*Task objective*: Give back every record verbatim, but not the pictures.

(Collected data)
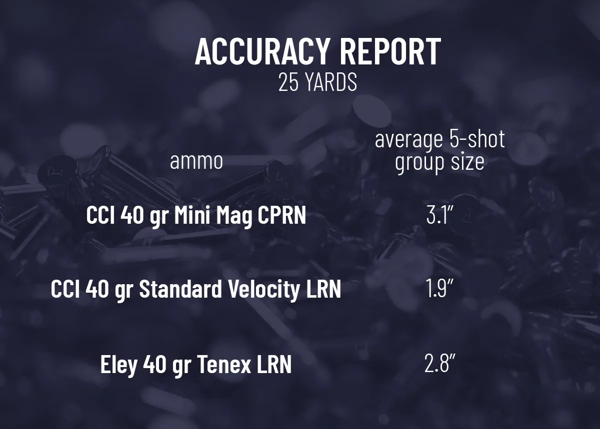 Let’s talk about accuracy. From a bench rest at 25 yards, I got an average 5-shot group size of 2.6 inches. It liked CCI Standard Velocity best with a 1.9-inch average.
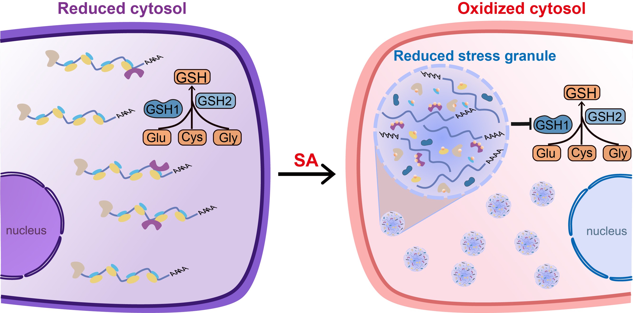 王伟课题组前期研究发现,在水杨酸(Salicylic Acid,SA)诱导的氧化应激条件下,细胞会大量形成由RNA与蛋白组成的SG,这类无膜细胞器可招募mRNA及翻译相关元件,从而调控应激状态下的细胞翻译水平[4]。在此基础上,作者进一步观察到,SG同时富集了大量与GSH合成及代谢相关的酶及蛋白,提示其可能参与细胞氧化还原调控。
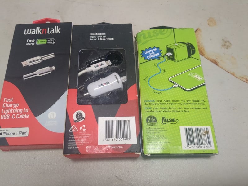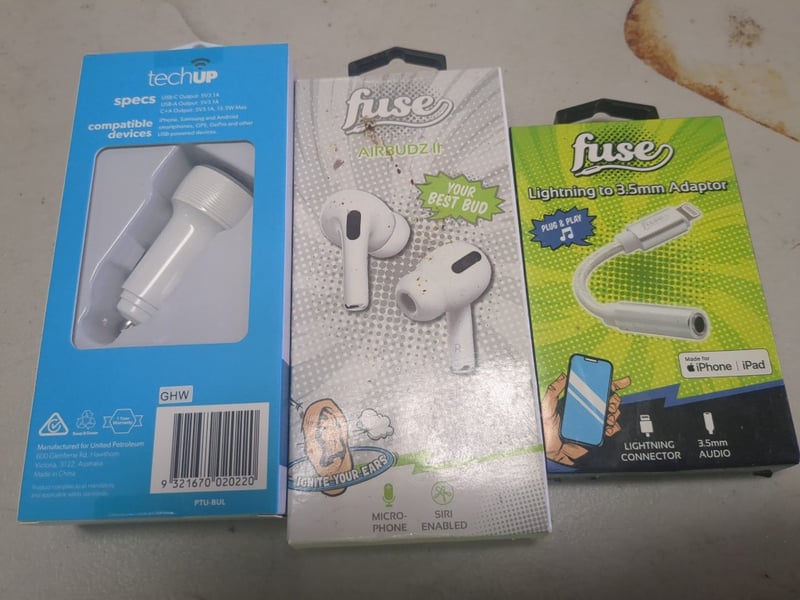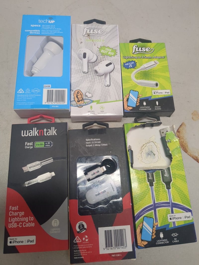 Assorted Phone Accessories Including Fuze Airbudz 2, Fast Charge Lightening to USB C Cable And More. Sold As Lot
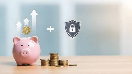 This image represents secure financial growth, showing a piggy bank, rising charts, and a shield.
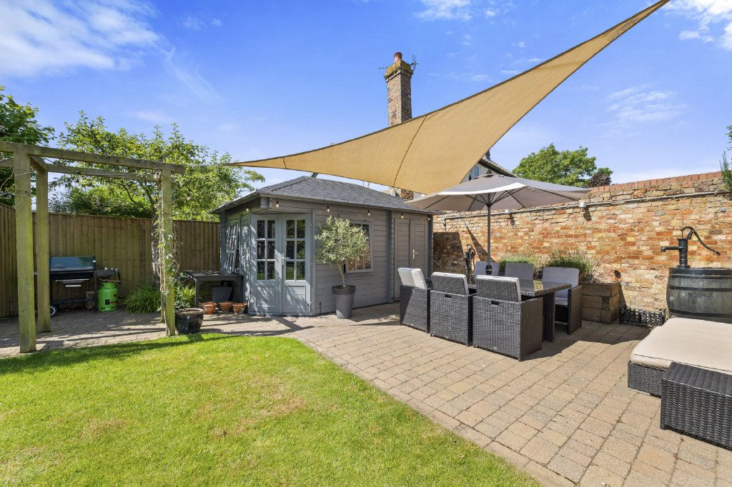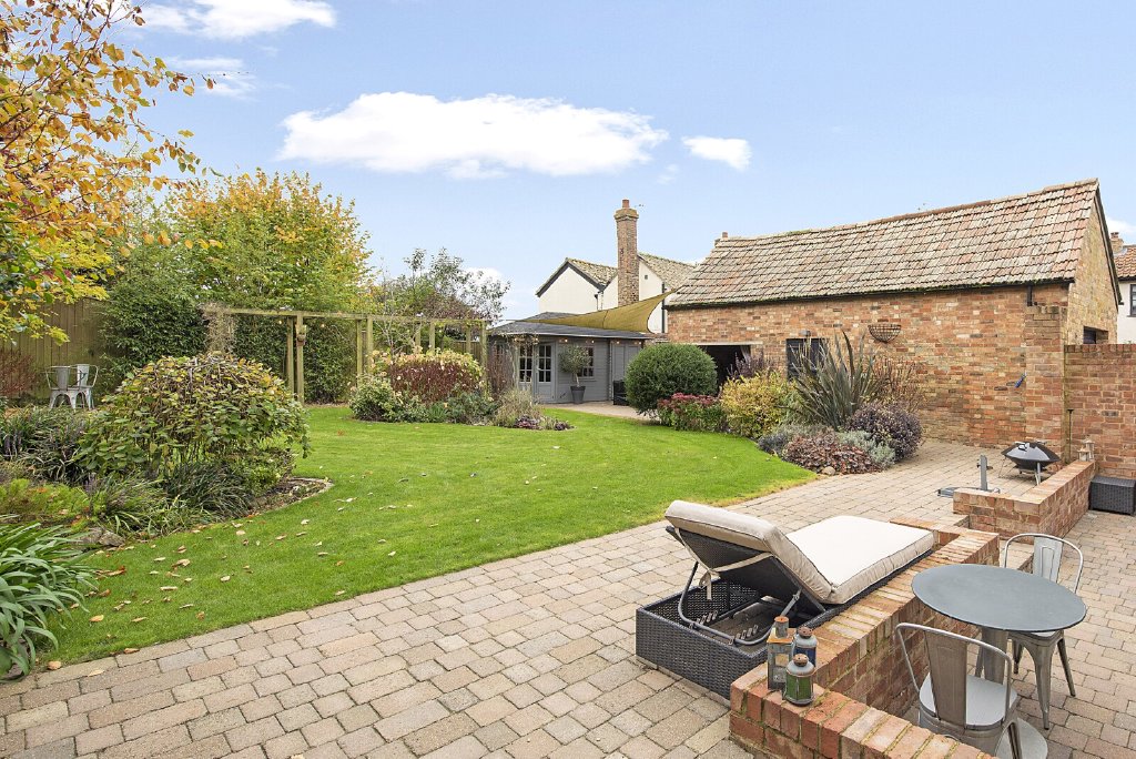 Outside, the south-facing garden offers a private oasis with block-paved seating, lush lawns, and a

*Task response*:
 Let’s talk about accuracy. From a bench rest at 25 yards, I got an average 5-shot group size of 2.6 inches. It liked CCI Standard Velocity best with a 1.9-inch average.
 王伟课题组前期研究发现,在水杨酸(Salicylic Acid,SA)诱导的氧化应激条件下,细胞会大量形成由RNA与蛋白组成的SG,这类无膜细胞器可招募mRNA及翻译相关元件,从而调控应激状态下的细胞翻译水平[4]。在此基础上,作者进一步观察到,SG同时富集了大量与GSH合成及代谢相关的酶及蛋白,提示其可能参与细胞氧化还原调控。
 Assorted Phone Accessories Including Fuze Airbudz 2, Fast Charge Lightening to USB C Cable And More. Sold As Lot
 This image represents secure financial growth, showing a piggy bank, rising charts, and a shield.
 Outside, the south-facing garden offers a private oasis with block-paved seating, lush lawns, and a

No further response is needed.